# Directions for this task
Your output should be everything below from the line containing "10월 4일 EPL 생중계: 본머스 vs 풀럼" down to the line containing "Danes smo prišli", both ends included, copied exactly, with pictures left out.

--- --- ---

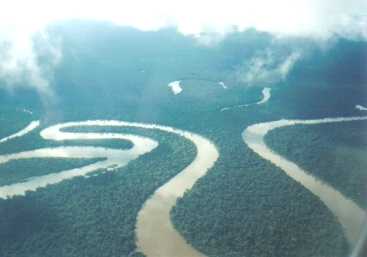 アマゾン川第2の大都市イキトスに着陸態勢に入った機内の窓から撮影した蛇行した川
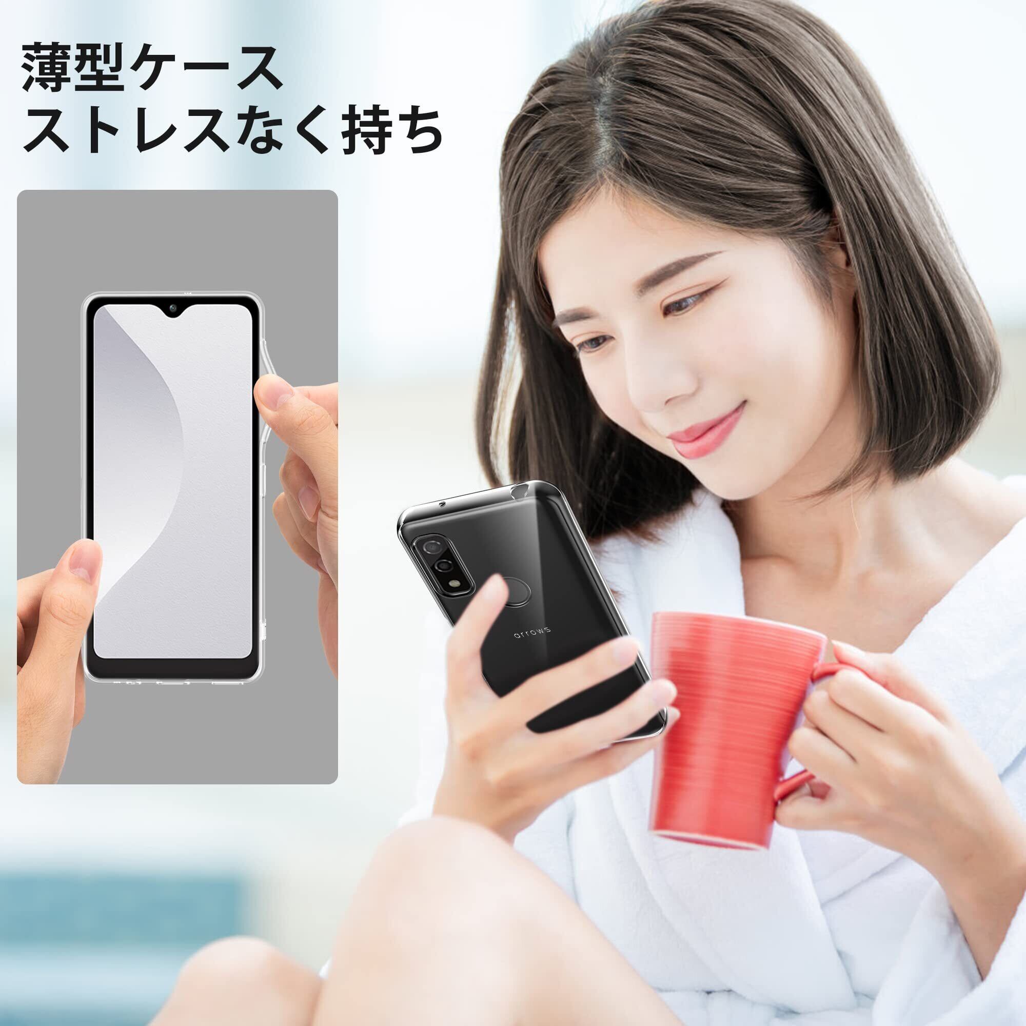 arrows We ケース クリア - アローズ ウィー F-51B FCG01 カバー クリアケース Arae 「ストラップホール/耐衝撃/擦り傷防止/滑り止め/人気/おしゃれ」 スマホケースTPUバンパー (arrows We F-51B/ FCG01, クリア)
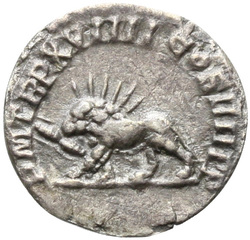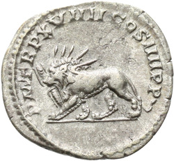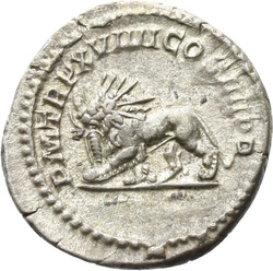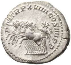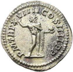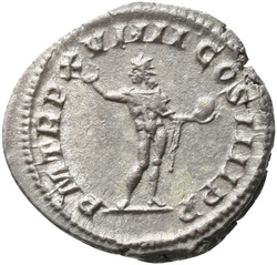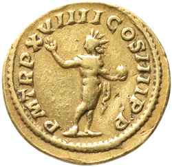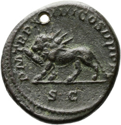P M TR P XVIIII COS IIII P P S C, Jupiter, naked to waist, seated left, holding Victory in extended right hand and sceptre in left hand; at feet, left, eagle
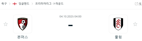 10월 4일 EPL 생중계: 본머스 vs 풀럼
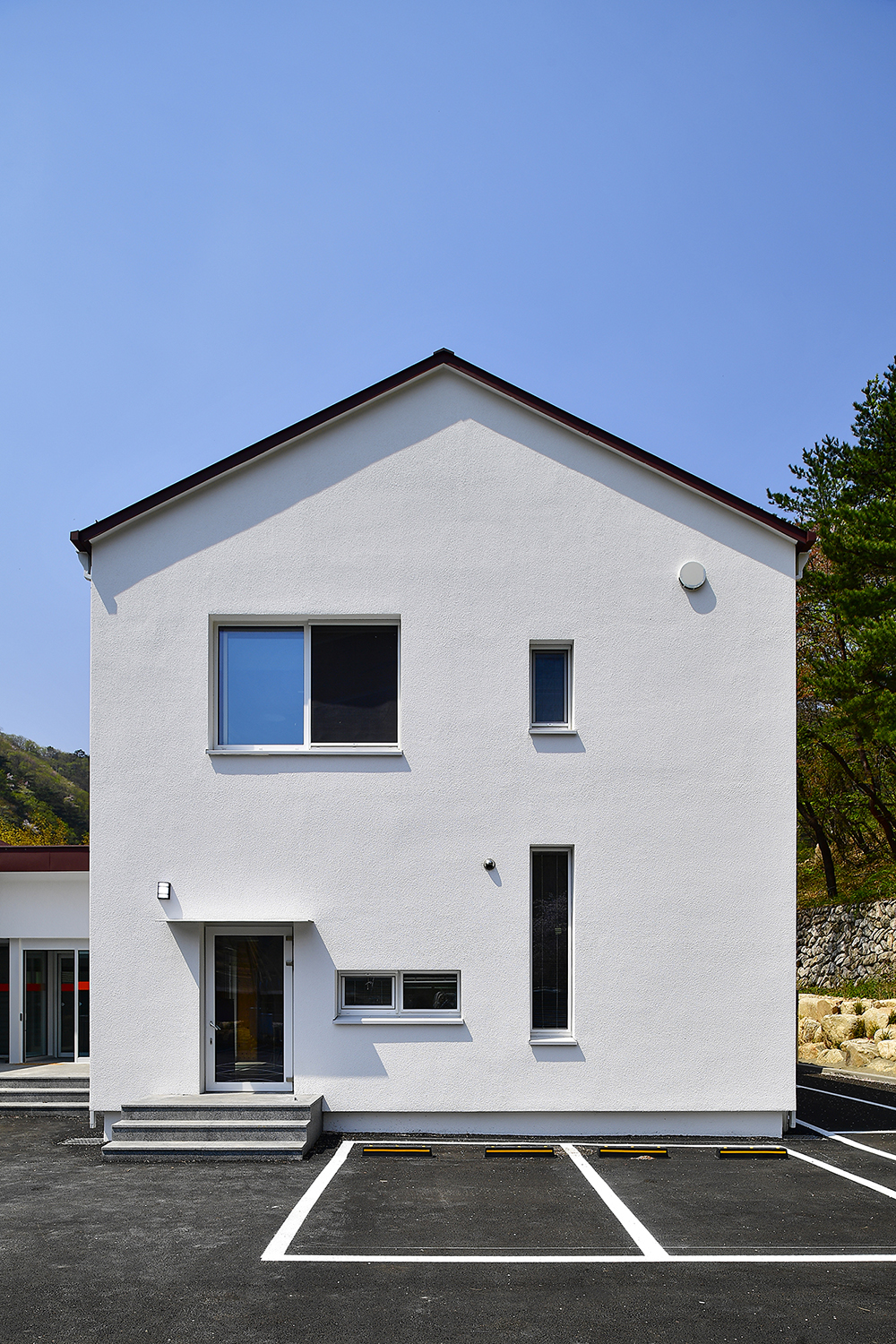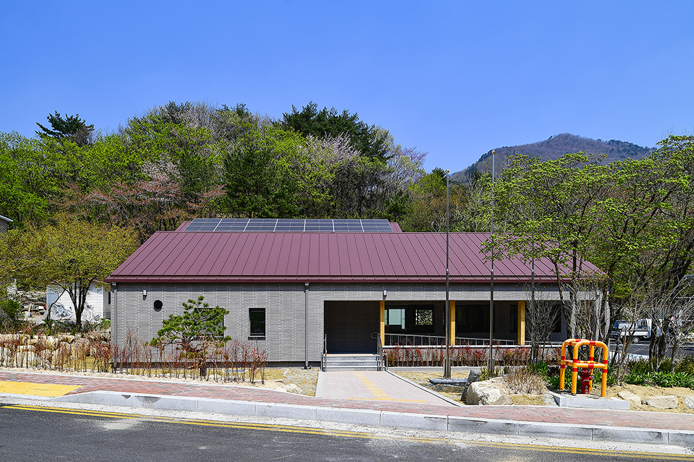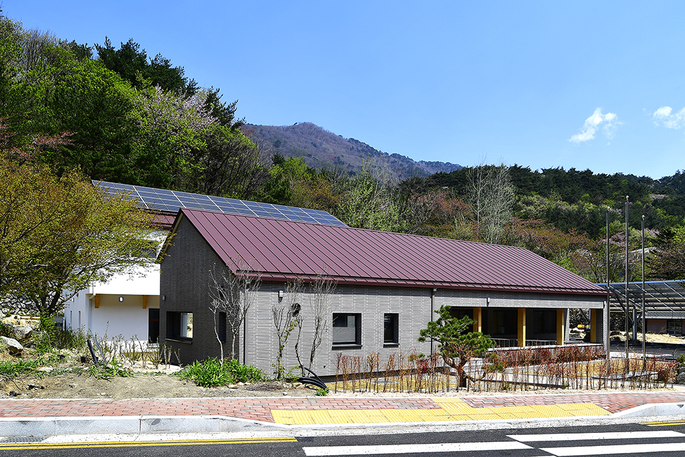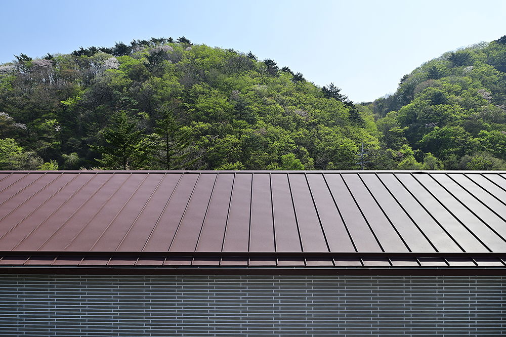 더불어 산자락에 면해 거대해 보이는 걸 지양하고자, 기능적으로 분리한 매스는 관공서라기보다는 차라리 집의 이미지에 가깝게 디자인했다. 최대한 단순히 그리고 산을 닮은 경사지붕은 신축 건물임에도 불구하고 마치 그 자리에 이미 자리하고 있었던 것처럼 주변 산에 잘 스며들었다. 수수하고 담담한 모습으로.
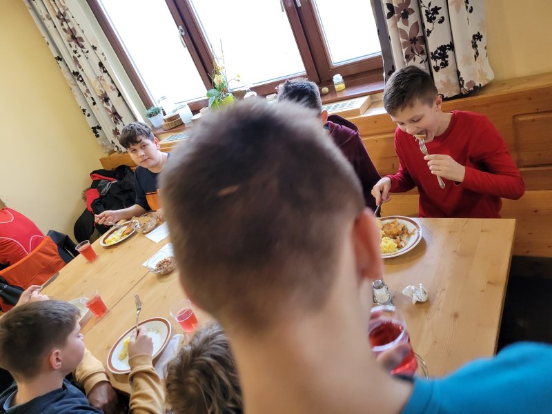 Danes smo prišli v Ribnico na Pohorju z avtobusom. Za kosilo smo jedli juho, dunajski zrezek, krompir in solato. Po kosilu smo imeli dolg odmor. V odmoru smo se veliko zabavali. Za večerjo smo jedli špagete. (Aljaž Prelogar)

--- --- ---

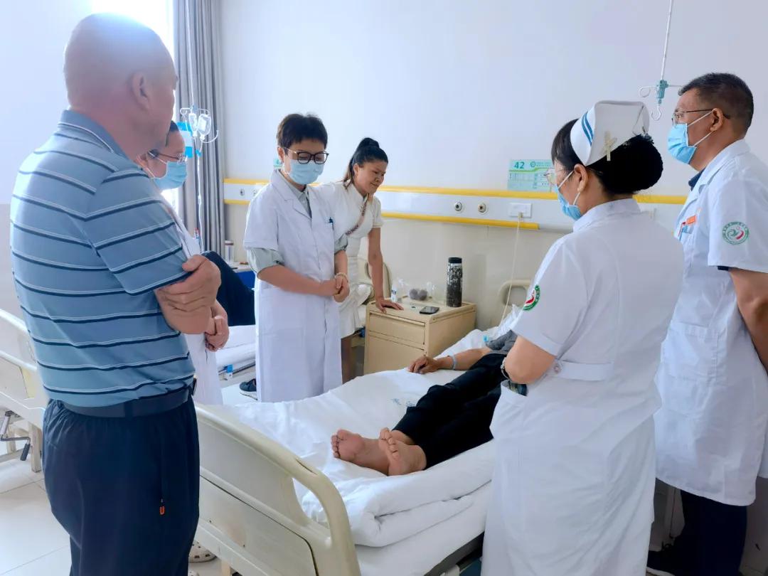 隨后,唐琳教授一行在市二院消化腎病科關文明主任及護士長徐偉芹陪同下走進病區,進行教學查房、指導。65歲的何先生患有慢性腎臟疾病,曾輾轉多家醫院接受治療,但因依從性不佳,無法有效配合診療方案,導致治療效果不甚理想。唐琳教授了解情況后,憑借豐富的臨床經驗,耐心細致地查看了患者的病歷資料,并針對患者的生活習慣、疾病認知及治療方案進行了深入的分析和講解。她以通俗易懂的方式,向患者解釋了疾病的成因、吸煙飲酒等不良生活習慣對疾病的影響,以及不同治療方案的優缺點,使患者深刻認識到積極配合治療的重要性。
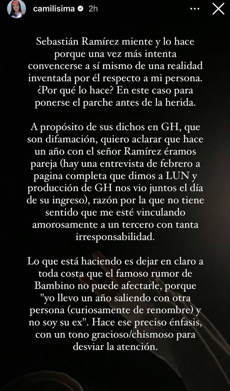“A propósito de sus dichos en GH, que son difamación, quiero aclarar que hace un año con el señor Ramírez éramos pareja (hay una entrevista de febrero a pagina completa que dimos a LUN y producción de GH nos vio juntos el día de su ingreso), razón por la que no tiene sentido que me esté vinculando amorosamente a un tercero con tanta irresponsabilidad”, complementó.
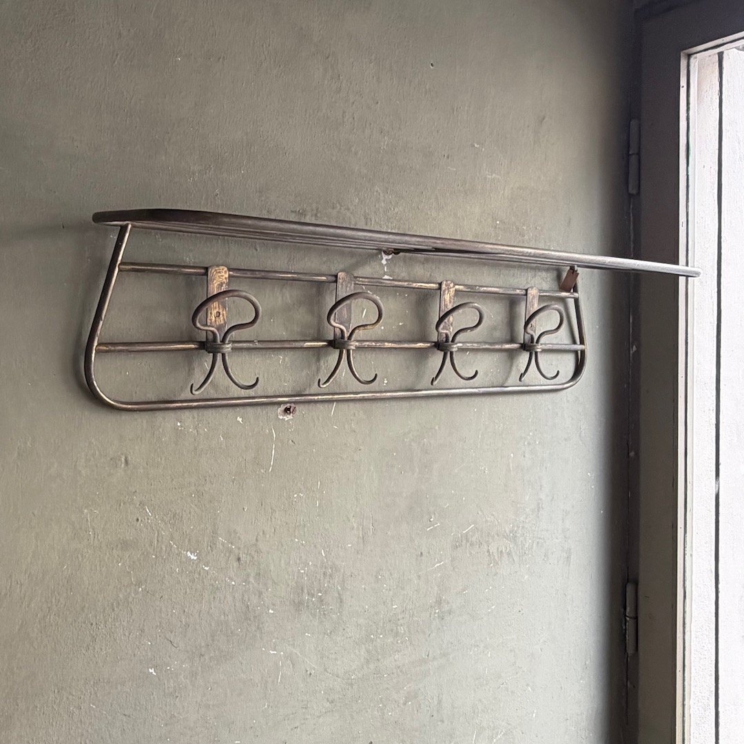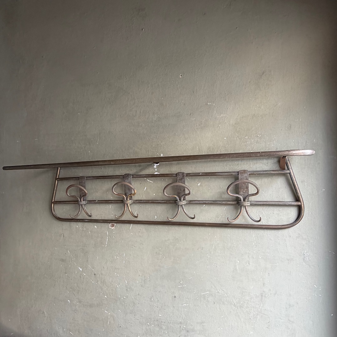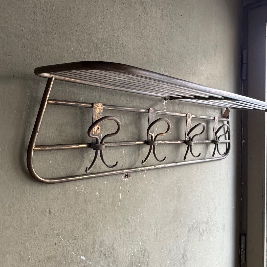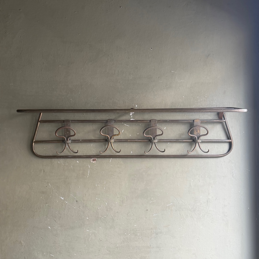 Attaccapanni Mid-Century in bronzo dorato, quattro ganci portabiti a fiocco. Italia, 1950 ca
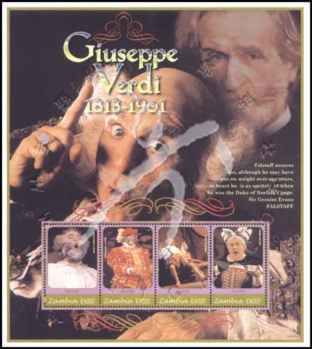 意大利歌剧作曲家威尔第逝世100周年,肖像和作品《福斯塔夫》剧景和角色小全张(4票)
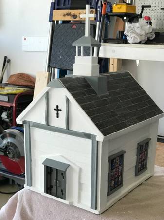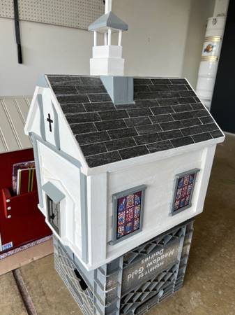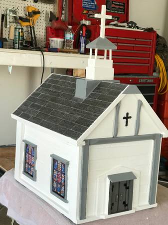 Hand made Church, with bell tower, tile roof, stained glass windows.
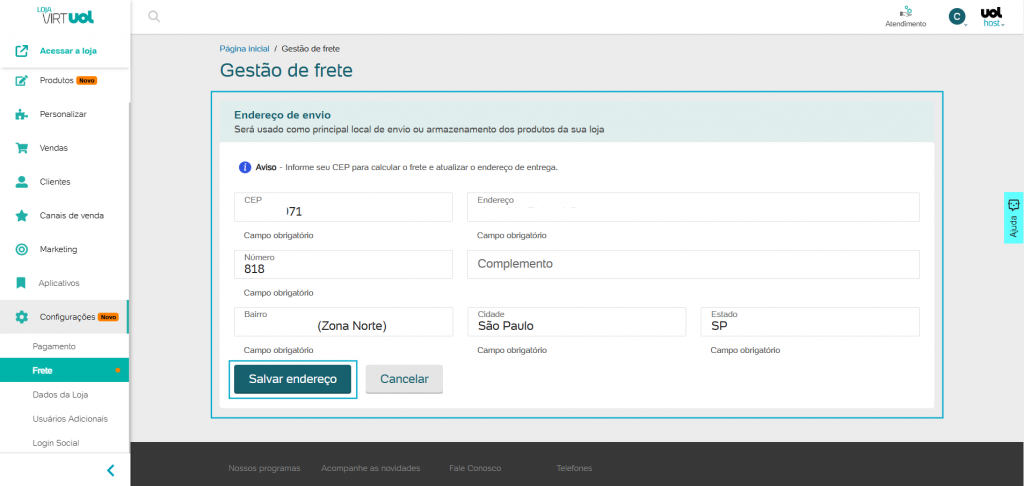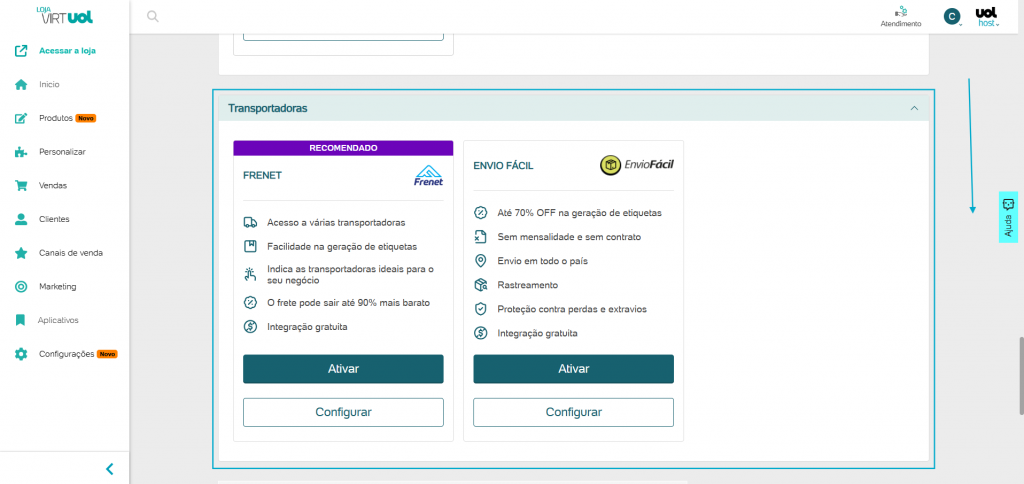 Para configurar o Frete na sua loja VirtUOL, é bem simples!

--- --- ---

# Solution below
 10월 4일 EPL 생중계: 본머스 vs 풀럼
 더불어 산자락에 면해 거대해 보이는 걸 지양하고자, 기능적으로 분리한 매스는 관공서라기보다는 차라리 집의 이미지에 가깝게 디자인했다. 최대한 단순히 그리고 산을 닮은 경사지붕은 신축 건물임에도 불구하고 마치 그 자리에 이미 자리하고 있었던 것처럼 주변 산에 잘 스며들었다. 수수하고 담담한 모습으로.
 Danes smo prišli v Ribnico na Pohorju z avtobusom. Za kosilo smo jedli juho, dunajski zrezek, krompir in solato. Po kosilu smo imeli dolg odmor. V odmoru smo se veliko zabavali. Za večerjo smo jedli špagete. (Aljaž Prelogar)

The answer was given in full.